I'm partway into Book 4 and am already feeling just a little sad that after that, only 1 book remains (for now?). May Matthews live long and prosper and continue to produce more in this series.

If found Mudflat when I got pissy about the big publishers and the agency model and wanted to know whether e-only publications could Satisfy My Reading Desires. To that end, I found an organization giving e-publishing awards (Eppies) and shopped the list of nominees and winners. The 2nd in this series was a nominee and I'm oh-so-happy that I started with the first book.

Recent Activities: Sick

We've all been sick. Again. On Monday, T.'s croup was so bad I told R. not to wait to get a same day at the clinic but just take him down to the ER. In retrospect, I don't know what I think of this decision. We probably should have remembered that we have a nebulizer much earlier on in the process. OTOH, they did give him a steroid pill and that probably helped. Traffic down 2 really sucked so it may have been faster to drive to the clinic. OTOH, R. was thinking about calling 911. *shrug*

He was well enough today to go to school and they haven't called me to come get him so I think we got that part right. The rest of us have just had head colds.

Also on Monday, J. showed up to start installing the new master bedroom closet fittings, which we are very excited about. Next project after that is either the screened deck or the yard work to put the playset in -- or maybe both. After the snow is gone, presumably.

I've been spending a lot of time on the couch with one or more children sitting on top of me.

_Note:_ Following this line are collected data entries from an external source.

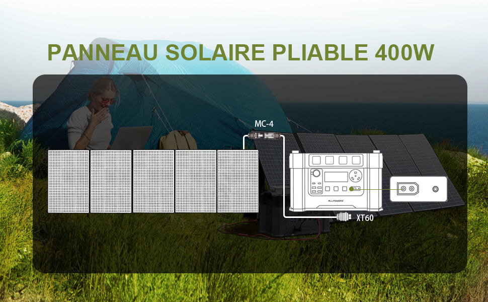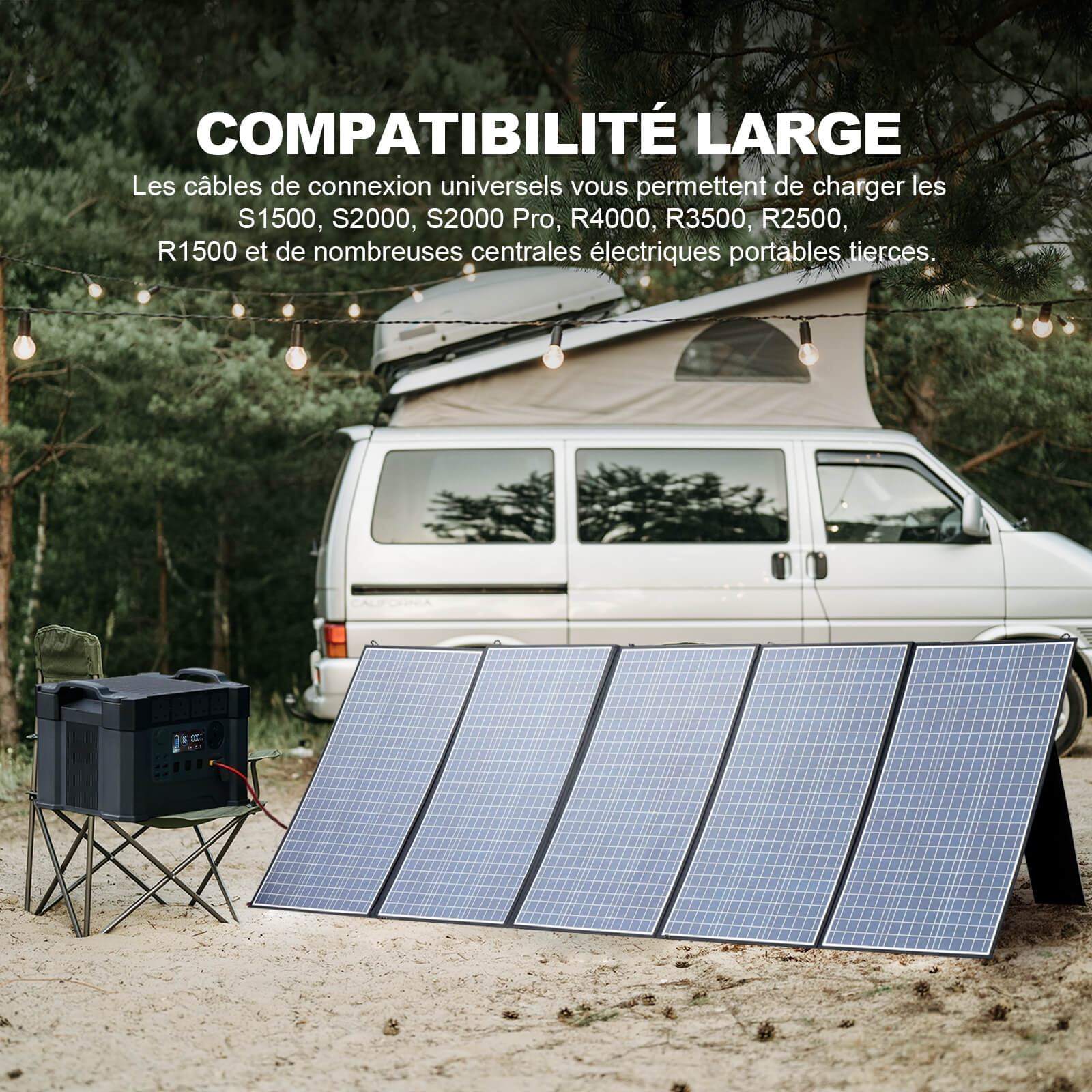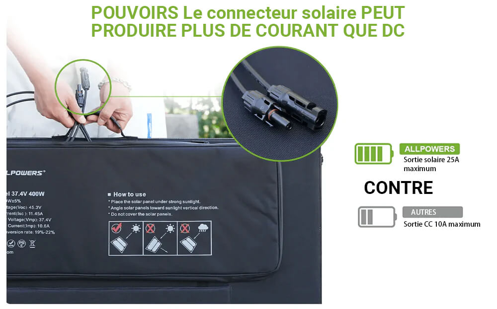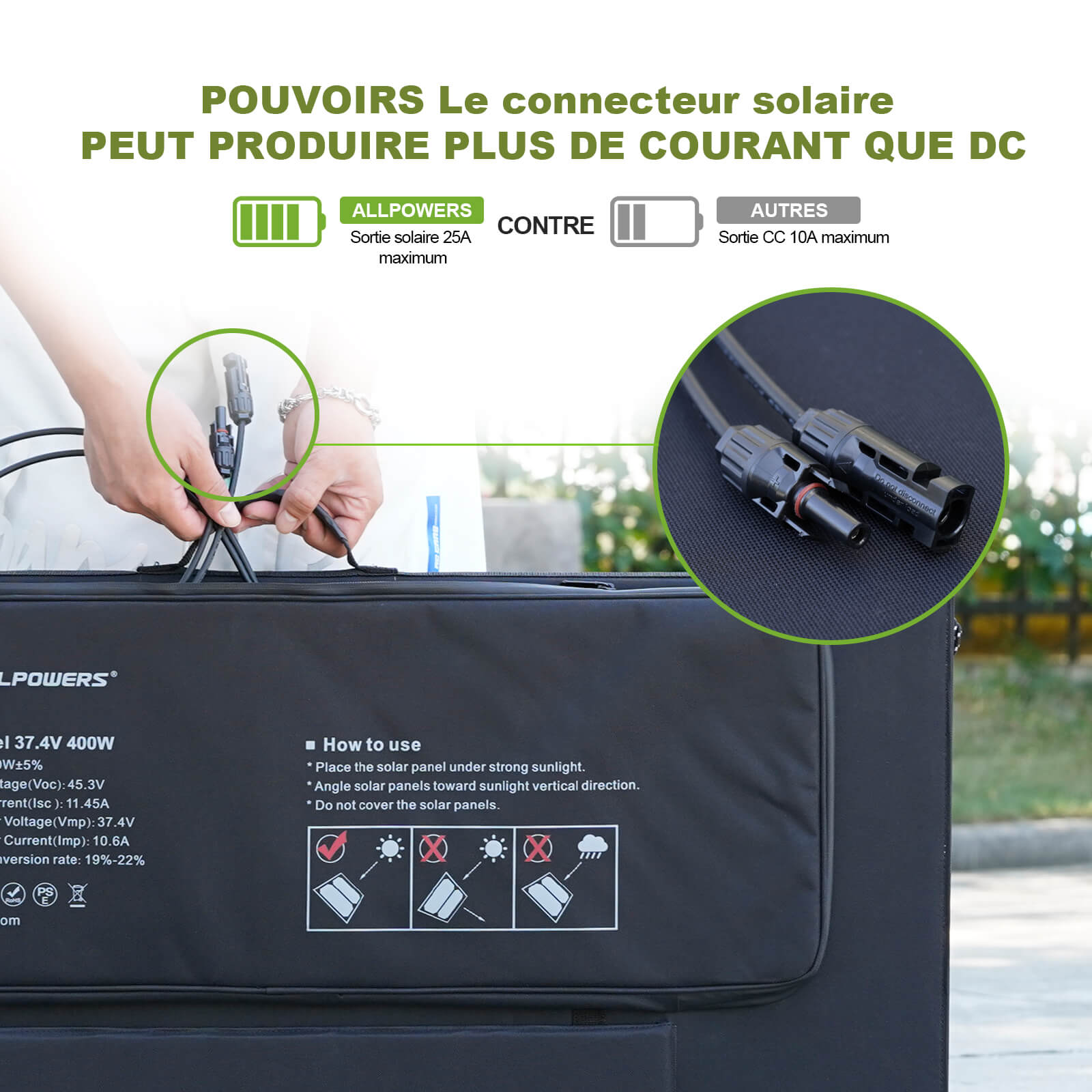 Avec les ports de sortie connecteur solaire, le panneau solaire ALLPOWERS 400 W fournit une puissance énorme de 37,4 V pour vos générateurs solaires, tels que ALLPOWRS S2000/S2000 Pro /R4000/R3500/R2500/R1500 et d'autres grands générateurs sur le marché. Réduisez efficacement le temps de charge et profitez de l'énergie solaire dès que possible.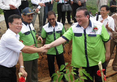 赖诗仁董事长(左)、黄国忠总经理(右)共同种植橡胶树并亲切握手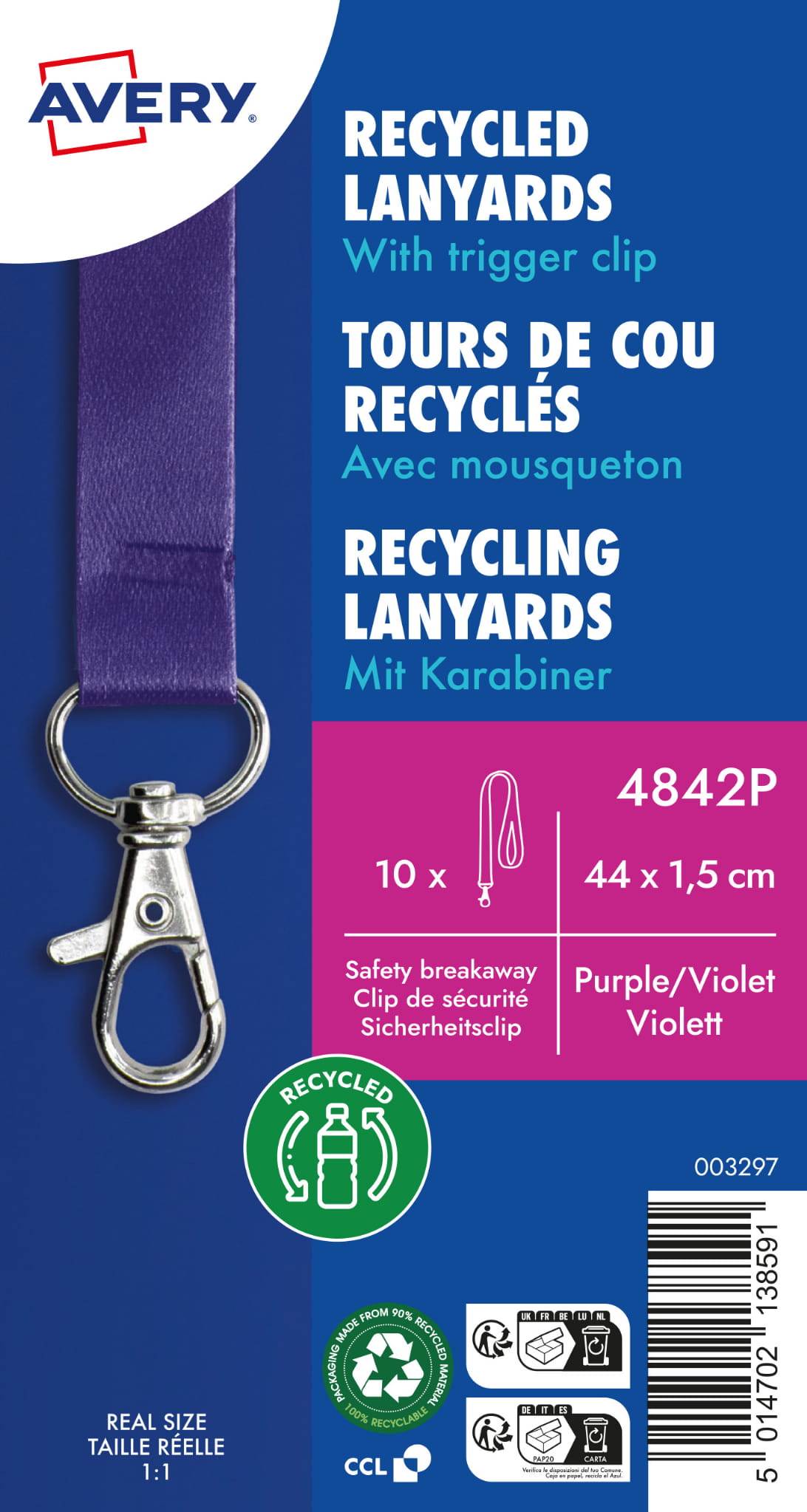 Smycz na identyfikator z recyklingowanego PET, 10 szt.; 15 x 440 mm; fioletowe smycze, AVERY 4842P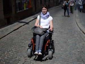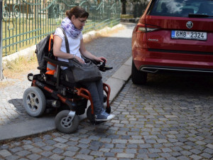 Zdenka sedí na elektrickém vozíku, který má hmotnost zhruba 150 kilogramů, dojezd asi třicet kilometrů a maximální rychlost zhruba dvacet kilometrů za hodinu. Do novějších vozíků, které hradí pojišťovna, už se dávají omezovače, které dovolí maximální rychlost šest kilometrů za hodinu. „Je to samozřejmě velká pomoc, ale musíš si fakt hlídat baterku a taky to nepřekoná všechny bariéry, takže když někde není sjezd, musím objíždět třeba celý blok na sídlišti a hledat ho. Jedno z míst, které by si zasloužilo nájezdy, je třeba u Galerie Moritz ve směru ze Slovenské ulice, kam se vypravíme teď.“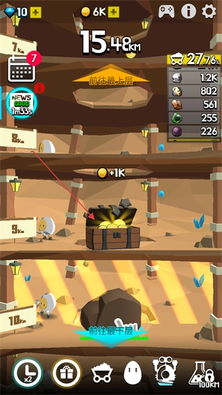 开启宝箱可获得1K金币等额外奖励,持续向下挖掘,以此提高挖掘进度与资源收益。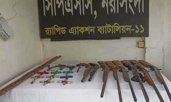নরসিংদীর রায়পুরা থানার সায়েদাবাদ এলাকায় গতকাল শুক্রবার রাতভর ‘সাঁড়াশি অভিযানে’ অস্ত্রসহ তাদের গ্রেপ্তার করা হয়। গ্রেপ্তারকৃত ৮ জন হলেন- মো. শফিক মিয়া (৩২), মো. মোস্তফা (৩৮), আয়নাল (৩৮), মহিউদ্দিন হৃদয় (২২), মো. বাচ্চু মিয়া (৬২), কালু মিয়া (৬৯), মো. বাছেদ (৪০) ও ১৭ বছর বয়সী এক কিশোর। উদ্ধার করা আগ্নেয়াস্ত্রের মধ্যে রয়েছে, ২টি বিদেশি পিস্তল, ৫টি একনলা বন্দুক, ১টি দোনলা বন্দুক, ২টি এলজি ও ১টি পাইপগান। এছাড়া ৩টি ম্যাগাজিন ও ৩৫ রাউন্ড গুলিও উদ্ধার করার তথ্য দিয়েছে র্যাব।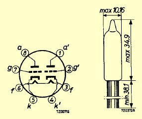Die Schaltung wurde komplett vom großen Radiomann übernommen. Allerdings läuft der kleine mit 6 V Anodenspannung. Nur in Bezug auf die Heizleistung ist die kleine Röhre genauso durstig wie die große: 0,3 A bei 6,3 V. Das kleine Radio läuft deshalb jetzt an einem 6-V-Akku.

This seems to be the primary thing A. wants to do (altho she's just as happy upstairs in bed watching TV in the master, with or without company) and the only way to keep T. off the rebounder. Nothing wrong with the rebounder, but the physical exercise definitely sets off the croup.

I am _so_ happy we have the iPads.

A Genealogical Story: My Son's Middle Name.

Once upon a time, there was a priest named Menno Simons. That name means that Menno's mom and dad named him "Menno", and his dad's name was "Simon". Anyway. Menno was born in Witmarsum and after he became a priest, he was assigned to Pingjum. These names probably don't mean anything to you. They didn't, until quite recently, mean anything to me.

Menno saw a beheading in Leeuwarden, which is a big enough town now that I've both heard of it and actually visited it. The guy was killed for being rebaptized, for having a "believer's baptism", or doopgezind. I think it's a little nutty that seeing someone be killed for something might prompt investigation and concluding that the guy was right, but to be fair, it sounds a lot like something I, or a number of people I'm related to, might do. At least he's our kind of nutty. It was his brother Pieter dying for similar reasons that pushed him over the edge. Menno died in his 60s, a pacifist to the end.

My mother is descended from a long line of Mennonites, really, really nutty ones at that. They traveled all over Europe, went to Canada, etc. I've posted a little about that story here. _MY MOTHER_ That's important.

I've been tracking back my father's ancestry in Friesland for a variety of reasons, which I will not get into here. I may have noted that I discovered some of my relations came from the same village in Wonseradeel that Menno was posted to: Pingjum. Today, however, a couple of things occurred to me. (1) My great-great grandmother's family was all from Pingjum. (2) I picked my son's middle name because it was my grandfather's first name. It was his grandmother's patronymic -- his great grandfather's name. Simon.

True, it's a common enough name anywhere, and especially in Friesland. But there's a headspinning weirdness that I gave my son a middle name to recall MY FATHER's Dutch ancestry, and it just so happens that it readily traces up our particular tree to Pingjum. Which is where my mother's side got its odd religion. Would I do it again, if I'd known the implications?

I'm not sure. Maybe he would have had the middle name Marinus, instead.